Я видела, что она пытается сыграть на моей странной вере в то, что звезда «Ушедших» сказал правду. Но Джошуа Питер был во многом не прав, за вычетом буквы «V». Бен не женился. А лучшая подруга мамы не умирает от печеночной недостаточности.
– Нет, спасибо, – после паузы ответила я.
– Я не могу ехать одна. – Алисия упрямо сжала губы.
– Ты уже большая девочка.
– Но они меня не ждут.
– Так же, как и меня! – отрезала я.
– Холли, с тех пор как я в последний раз их видела, прошло четырнадцать лет. Четырнадцать лет – это слишком долгий срок, чтобы просто так через него перешагнуть.
– Но почему я? Мы с тобой даже не знаем друг друга! – воскликнула я.
– Но никто не мешает нам попробовать.
– Ну почему тебе так важно подружиться со мной?
– Вы с Беном близнецы! Ты будешь моей невесткой. То есть… возможно, ты ею будешь… – Алисия глотнула пива или, по крайней мере, попыталась. Ее явно удивило, что бутылка оказалась пуста, она даже несколько секунд изучала этикетку, словно ища объяснение этому факту. Переведя взгляд на меня, она продолжила: – Это твой первый уик-энд за границей. Ну и чем еще ты можешь заняться?
– Я уже решила, что в субботу поеду на Кромвел-роуд. – Я потянулась за крышкой кастрюли. Мама всегда называла их «шапочками».
– Кромвел-роуд? – переспросила Алисия. – А что там интересного, кроме сестер Фоссиль?
Я замерла, забыв разогнуться, пена полилась из кастрюли на плиту.
– Что ты знаешь о сестрах Фоссиль? – спросила я.
– Ну, это же из книги, из «Пуантов». И они на самом деле не сестры. Они сироты, которых удочерил археолог, великий дядя Мэттью. И они жили на Кромвел-роуд.
– О черт! – Я все еще не верила в то, что услышала, а крышка на кастрюле звенела, как кимвалы.
– Кто тебе нравился больше всего? – спросила Алисия.
– Пози, – ответила я. – Она была так одержима идеей стать лучшей в мире танцовщицей.
– В этом было что-то патологическое, – заметила Алисия. – Слишком уж навязчиво, на мой взгляд. Но у нее были рыжие волосы, совсем как у тебя. А я хотела быть Паулиной. Звездой экрана. И надеть сногсшибательное платье на вручение премии Академии. Паулина всегда одевалась со вкусом…
– Интересно, кто хотел бы быть Петровой, – задумчиво произнесла я.

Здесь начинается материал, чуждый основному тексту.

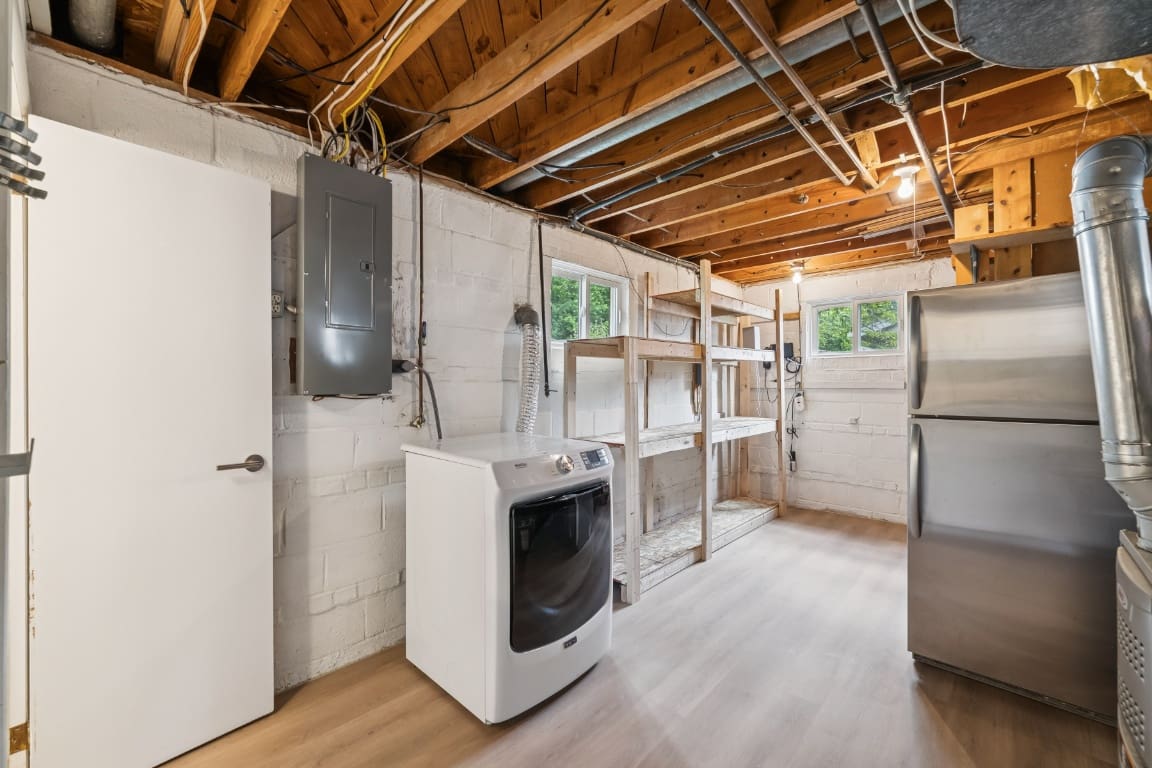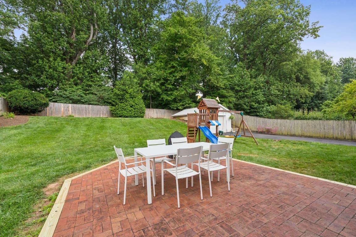 The lower level has a large family room with cozy wood burning fireplace, recessed lighting, cedar closet and convenient powder room. The carpet was replaced in 2023. There is ample storage in the utility room with brand new LVP flooring (2025) and a refrigerator that conveys. Step out into the backyard and find the perfect space for outdoor entertaining. Enjoy the private, fully fenced yard that backs to trees.

– Петровой? Никто! – Алисия фыркнула. – Она водила самолеты!
– И даже не могла танцевать, – добавила я.
Внезапно в кухне стало тихо, но эта тишина была мирной и теплой и висела между нами подобно туману, пока кастрюля не начала подпрыгивать. Сказав Алисии, что подумаю о ее предложении, я солгала. Раз уж мама поднималась на вулкан, ныряла в море и влюблялась, то я, конечно, поеду в Амстердам. Должны же в моей жизни быть приключения.